→ Data under study
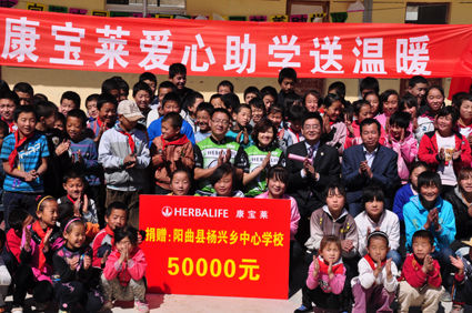 9月21日上午,陽(yáng)曲縣楊興鄉(xiāng)學(xué)校舉行了慈善助學(xué)儀式,康寶萊(中國(guó))保健品有限公司公司山西分公司特級(jí)經(jīng)銷商為該校捐贈(zèng)現(xiàn)金和保健品總計(jì)50000元。此筆善款將用于幫助該校學(xué)生改善過冬采暖及日常營(yíng)養(yǎng)補(bǔ)充。
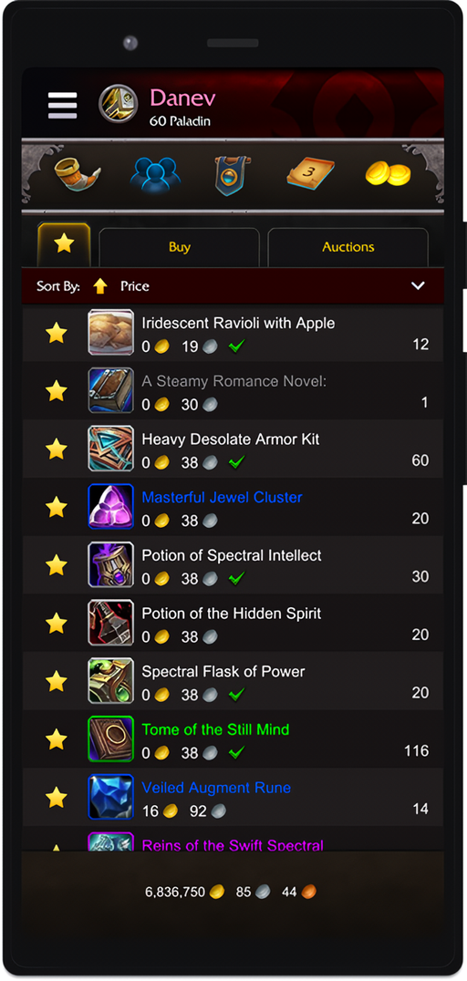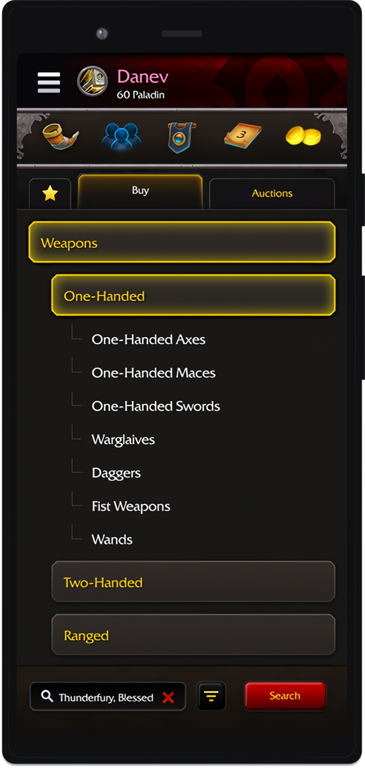 1、进入魔兽世界随身助手后选择拍卖行,选择你要购买的武器。
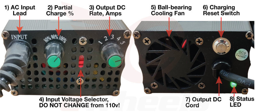 Reset button: once the selected charge % has been reached, the charger will automatically shut-off but remain in standby mode. When plugging the Wheel back in, simply press the reset/power button, to restart the charge cycle again.
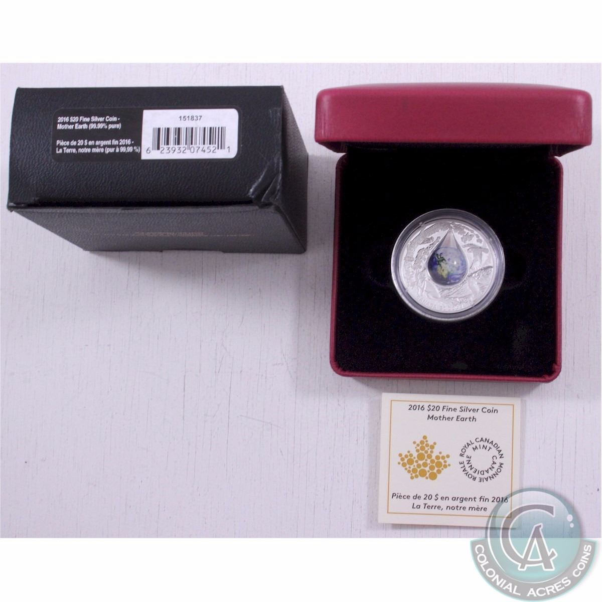 RCM Issue: 2016 Canada $20 Mother Earth Fine Silver Coin (TAX Exempt). Coin comes with all original mint packaging. (outer box has a dent in one corner)
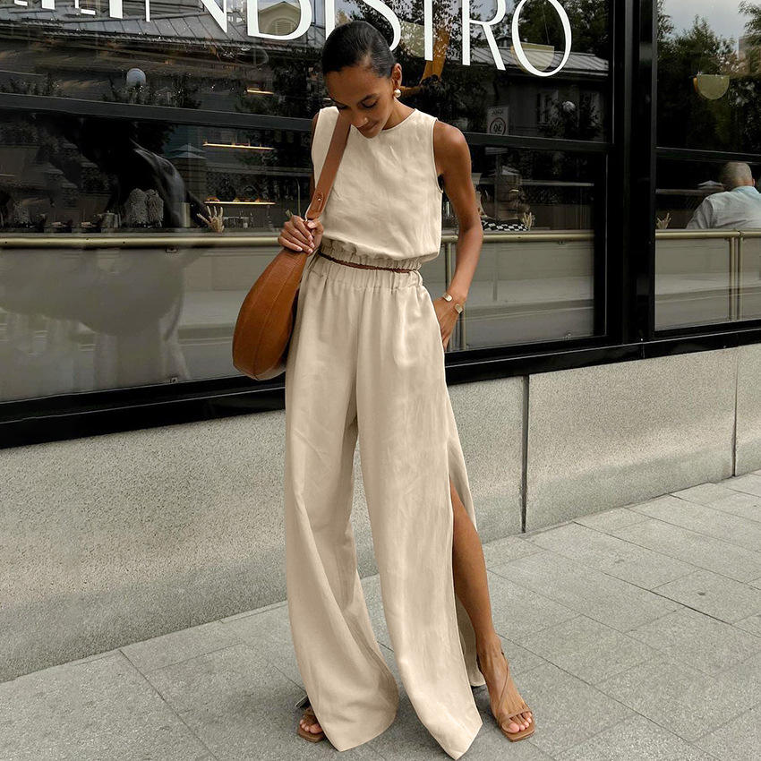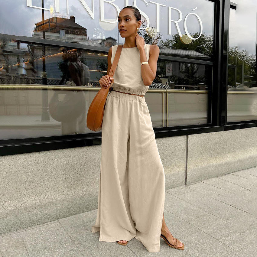 Summer Women's Home Clothes Pink Cotton Linen Sleeveless Two-Piece Pajamas Loose Short Sleeve Top Tee with Long Pants
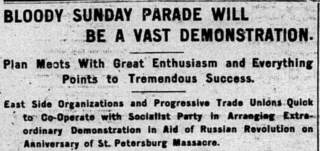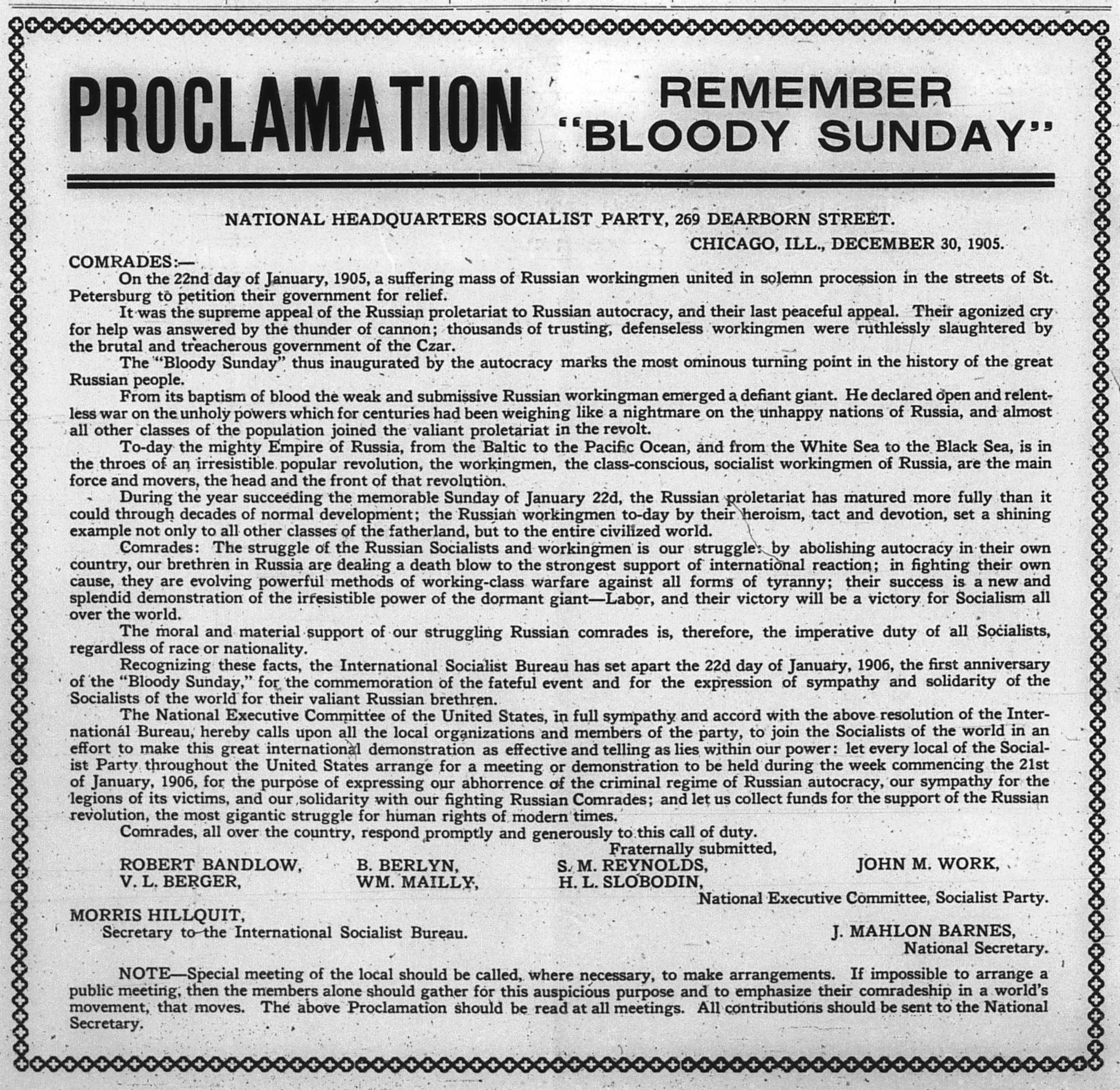“Whereas, On Red Sunday, January 22, 1905, at St. Petersburg, the Czar of Russia caused, without any provocation or justification, the massacre of several thousand defenseless men, women and children of the working class, who, at hundred thousand strong, were peacefully marching to his palace to submit to him a petition praying him, whom they believed to be their Father’, for relief of their conditions, and Whereas, This horrible murder of innocent people did not, as it was intended, terrorize the Russian working people, But only opened their eyes and made them realize, that their supposed ‘Father’ was the chief of the class of Russian capitalists and aristocrats that is oppressing and robbing the people, and that they can only secure their rights and the wealth that they produce, by completely overthrowing the rule of the Czar and his class of oppressors; by securing the supremacy of the working class and establishing a Republic based on the fundamental principles of Socialism, i.e., collective ownership and use by the people of the land, factories and all other means of production and distribution; and Whereas, Ever since Red Sunday the Russian working people, enthused by the lofty ideals of International Revolutionary Socialism and conscious of the great and vital service they are rendering to the cause of emancipation of their class in Russia as well as in all other countries, have been rallying under the international banner of Socialism and, striking as a class in different cities, have been and are still sacrificing their very lives for the cause of working class emancipation; and Whereas, The struggle for freedom of our fellow workmen of Russia directly concerns the workmen of this and all other countries, the struggle between the working class and capitalist class being of international scope and character; therefore, be it
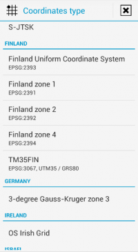 # header from above 1|2391|Finland zone 1|EPSG:2391|Finland 1|2392|Finland zone 2|EPSG:2392|Finland 1|2393|Finland Uniform Coordinate System|EPSG:2393|Finland 1|2394|Finland zone 4|EPSG:2394|Finland 1|3067|TM35FIN|EPSG:3067, UTM35 / GRS80|Finland 1|3857|Pseudo-Mercator|EPSG:3857,900913, WGS84 / Sphere|World 1|31467|3-degree Gauss-Kruger zone 3||Germany
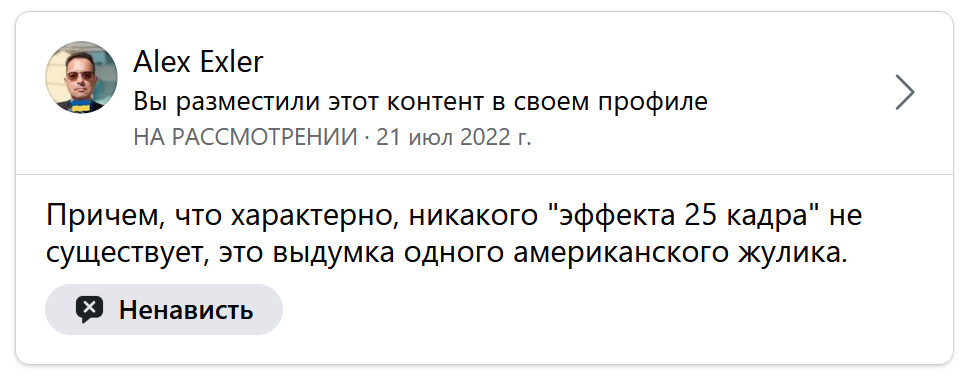 Теперь Фейсбук меня забанил за вот эту фразу. То есть "выдумка одного американского жулика" - это "проявление ненависти". Гениально совершенно!

→ Problem to work on
Exclude the pictures and reproduce every entry exactly.

→ Result of this task
 9月21日上午,陽(yáng)曲縣楊興鄉(xiāng)學(xué)校舉行了慈善助學(xué)儀式,康寶萊(中國(guó))保健品有限公司公司山西分公司特級(jí)經(jīng)銷商為該校捐贈(zèng)現(xiàn)金和保健品總計(jì)50000元。此筆善款將用于幫助該校學(xué)生改善過冬采暖及日常營(yíng)養(yǎng)補(bǔ)充。
 1、进入魔兽世界随身助手后选择拍卖行,选择你要购买的武器。
 Reset button: once the selected charge % has been reached, the charger will automatically shut-off but remain in standby mode. When plugging the Wheel back in, simply press the reset/power button, to restart the charge cycle again.
 RCM Issue: 2016 Canada $20 Mother Earth Fine Silver Coin (TAX Exempt). Coin comes with all original mint packaging. (outer box has a dent in one corner)
 Summer Women's Home Clothes Pink Cotton Linen Sleeveless Two-Piece Pajamas Loose Short Sleeve Top Tee with Long Pants
“Whereas, On Red Sunday, January 22, 1905, at St. Petersburg, the Czar of Russia caused, without any provocation or justification, the massacre of several thousand defenseless men, women and children of the working class, who, at hundred thousand strong, were peacefully marching to his palace to submit to him a petition praying him, whom they believed to be their Father’, for relief of their conditions, and Whereas, This horrible murder of innocent people did not, as it was intended, terrorize the Russian working people, But only opened their eyes and made them realize, that their supposed ‘Father’ was the chief of the class of Russian capitalists and aristocrats that is oppressing and robbing the people, and that they can only secure their rights and the wealth that they produce, by completely overthrowing the rule of the Czar and his class of oppressors; by securing the supremacy of the working class and establishing a Republic based on the fundamental principles of Socialism, i.e., collective ownership and use by the people of the land, factories and all other means of production and distribution; and Whereas, Ever since Red Sunday the Russian working people, enthused by the lofty ideals of International Revolutionary Socialism and conscious of the great and vital service they are rendering to the cause of emancipation of their class in Russia as well as in all other countries, have been rallying under the international banner of Socialism and, striking as a class in different cities, have been and are still sacrificing their very lives for the cause of working class emancipation; and Whereas, The struggle for freedom of our fellow workmen of Russia directly concerns the workmen of this and all other countries, the struggle between the working class and capitalist class being of international scope and character; therefore, be it
 # header from above 1|2391|Finland zone 1|EPSG:2391|Finland 1|2392|Finland zone 2|EPSG:2392|Finland 1|2393|Finland Uniform Coordinate System|EPSG:2393|Finland 1|2394|Finland zone 4|EPSG:2394|Finland 1|3067|TM35FIN|EPSG:3067, UTM35 / GRS80|Finland 1|3857|Pseudo-Mercator|EPSG:3857,900913, WGS84 / Sphere|World 1|31467|3-degree Gauss-Kruger zone 3||Germany
 Теперь Фейсбук меня забанил за вот эту фразу. То есть "выдумка одного американского жулика" - это "проявление ненависти". Гениально совершенно!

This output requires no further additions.